◆ **YOUR TASK**: What follows is a set of entries. Give them again exactly, without the pictures.

**** DATA EXTRACT ****

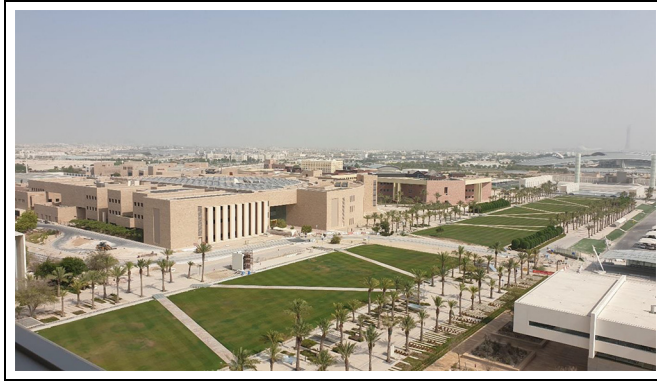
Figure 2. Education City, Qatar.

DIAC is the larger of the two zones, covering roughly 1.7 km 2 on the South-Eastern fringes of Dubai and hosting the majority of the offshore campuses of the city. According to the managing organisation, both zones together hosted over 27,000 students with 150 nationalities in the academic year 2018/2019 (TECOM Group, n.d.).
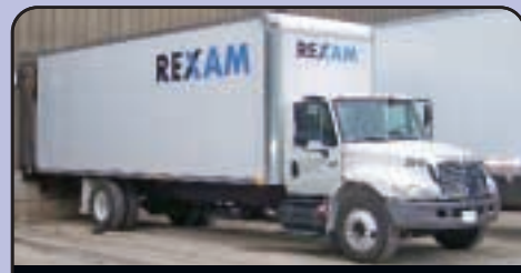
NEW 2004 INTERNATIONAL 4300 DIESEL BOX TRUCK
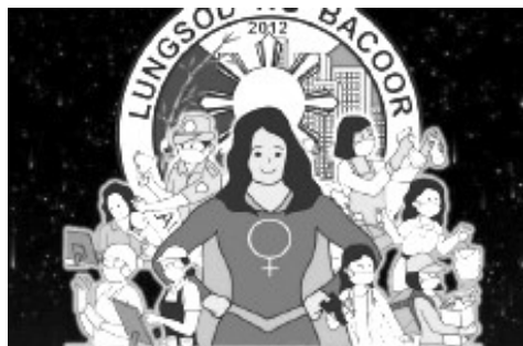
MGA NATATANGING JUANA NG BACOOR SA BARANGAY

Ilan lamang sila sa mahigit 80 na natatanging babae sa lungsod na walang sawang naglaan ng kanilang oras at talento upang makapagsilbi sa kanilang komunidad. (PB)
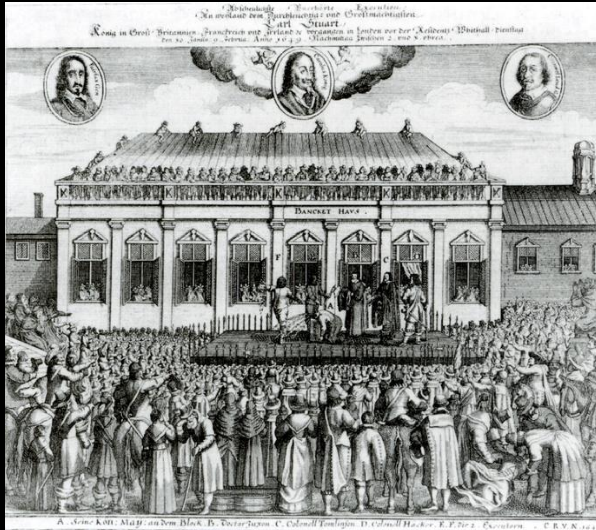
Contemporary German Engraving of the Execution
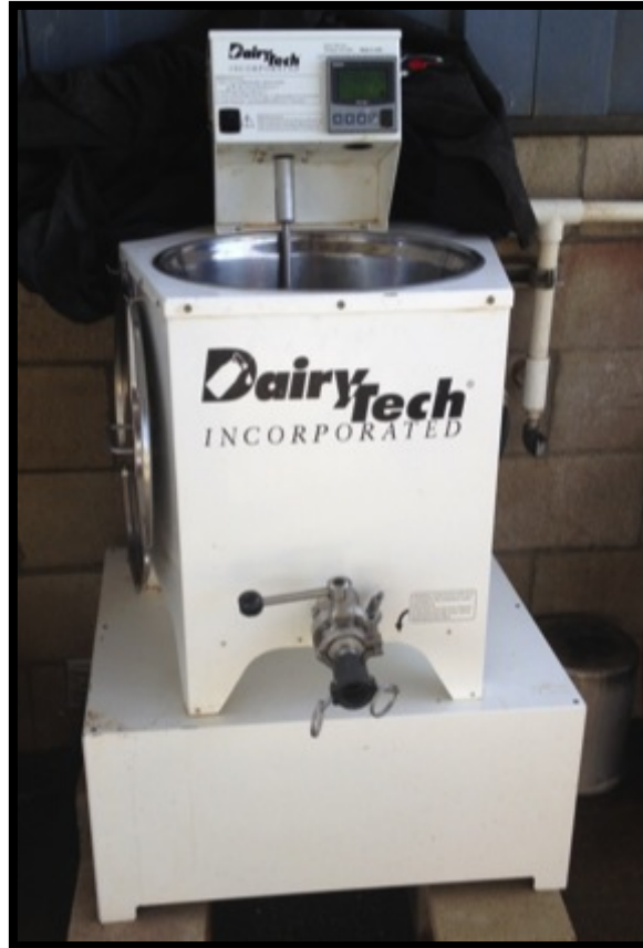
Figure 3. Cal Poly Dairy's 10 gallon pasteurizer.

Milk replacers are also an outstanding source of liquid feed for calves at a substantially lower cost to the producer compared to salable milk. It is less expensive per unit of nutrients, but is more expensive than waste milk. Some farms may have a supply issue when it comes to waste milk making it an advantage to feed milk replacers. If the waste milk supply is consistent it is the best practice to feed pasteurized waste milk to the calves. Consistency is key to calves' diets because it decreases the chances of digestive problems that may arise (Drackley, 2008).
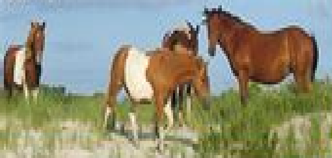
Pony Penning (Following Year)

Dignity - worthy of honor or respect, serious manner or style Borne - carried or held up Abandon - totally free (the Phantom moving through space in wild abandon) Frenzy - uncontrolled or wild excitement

****

◆ **OUTPUT FOR THIS TASK**:
Figure 2. Education City, Qatar.

DIAC is the larger of the two zones, covering roughly 1.7 km 2 on the South-Eastern fringes of Dubai and hosting the majority of the offshore campuses of the city. According to the managing organisation, both zones together hosted over 27,000 students with 150 nationalities in the academic year 2018/2019 (TECOM Group, n.d.).
NEW 2004 INTERNATIONAL 4300 DIESEL BOX TRUCK
MGA NATATANGING JUANA NG BACOOR SA BARANGAY

Ilan lamang sila sa mahigit 80 na natatanging babae sa lungsod na walang sawang naglaan ng kanilang oras at talento upang makapagsilbi sa kanilang komunidad. (PB)
Contemporary German Engraving of the Execution
Figure 3. Cal Poly Dairy's 10 gallon pasteurizer.

Milk replacers are also an outstanding source of liquid feed for calves at a substantially lower cost to the producer compared to salable milk. It is less expensive per unit of nutrients, but is more expensive than waste milk. Some farms may have a supply issue when it comes to waste milk making it an advantage to feed milk replacers. If the waste milk supply is consistent it is the best practice to feed pasteurized waste milk to the calves. Consistency is key to calves' diets because it decreases the chances of digestive problems that may arise (Drackley, 2008).
Pony Penning (Following Year)

Dignity - worthy of honor or respect, serious manner or style Borne - carried or held up Abandon - totally free (the Phantom moving through space in wild abandon) Frenzy - uncontrolled or wild excitement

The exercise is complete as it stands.